4. Cambios en las deposiciones
- Diarrea con sangre: La presencia de sangre fresca o mucosidad en las heces nunca es normal.
- Heces negras: Deposiciones de color negro y de consistencia pegajosa (como alquitrán) pueden ser señal de sangrado digestivo.
- Estreñimiento severo y repentino: Especialmente si se acompaña de hinchazón y vómitos.
5. Impacto en el estado general del niño
- Pérdida de peso o retraso en el crecimiento: Si el dolor es crónico (dura semanas o meses) y notas que tu hijo no está ganando peso o incluso está perdiendo, podría deberse a un problema de malabsorción o una enfermedad inflamatoria.
- Palidez o falta de energía: Si el niño se ve decaído, muy pálido o inusualmente somnoliento junto con el dolor.
¿Qué hacer si identificas una señal de alarma?

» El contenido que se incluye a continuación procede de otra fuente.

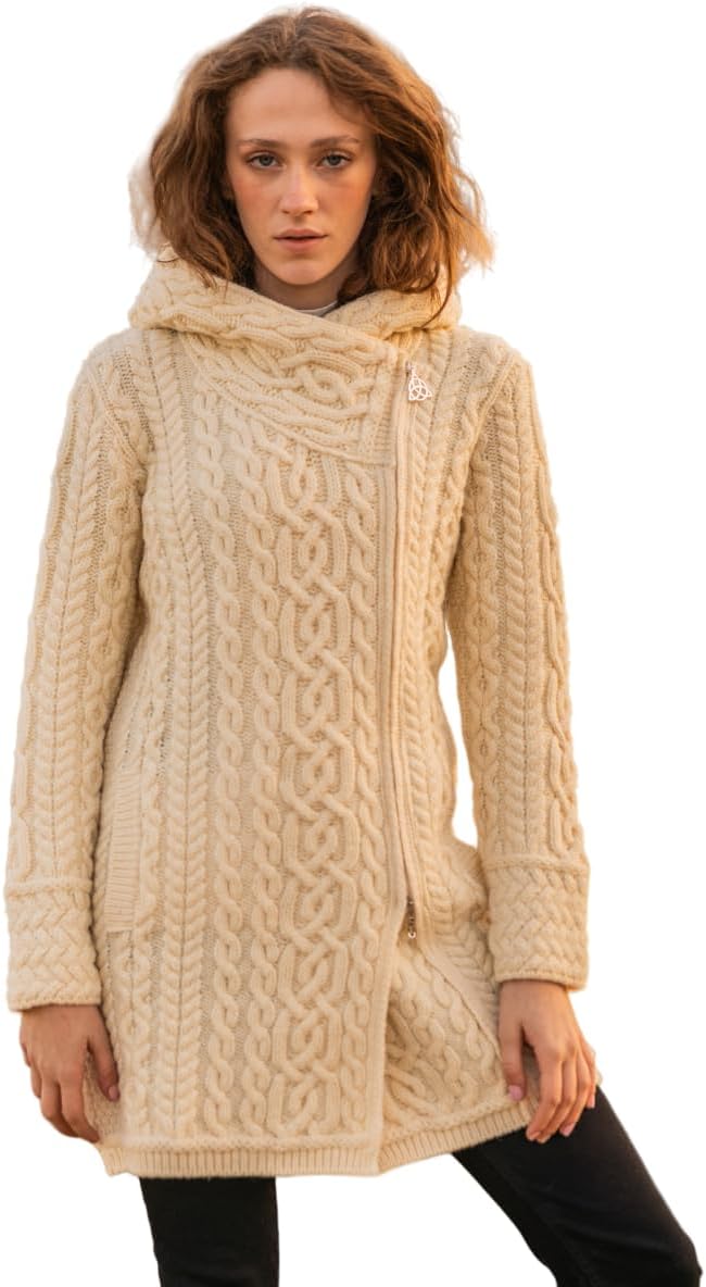 This beautiful Ladies Irish Aran Zip Cardigan is made from 100% Merino Wool and is perfect for keeping you warm and cozy on those chilly days. It features a classic Aran stitch design, a zip closure, and two front pockets for added convenience. The cardigan is also hooded for extra protection. Made in Ireland by SAOL, a company known for its high-quality Irish knitwear, this cardigan is sure to become a staple in your wardrobe.

La presencia de alguno de estos síntomas requiere una evaluación médica especializada para determinar la causa y establecer el tratamiento adecuado. No dudes en consultar con un especialista.
Consejo: Observa con atención los síntomas de tu hijo, anota la frecuencia y no ignores cambios en su apetito, crecimiento o bienestar general. Un diagnóstico temprano siempre marcará la diferencia.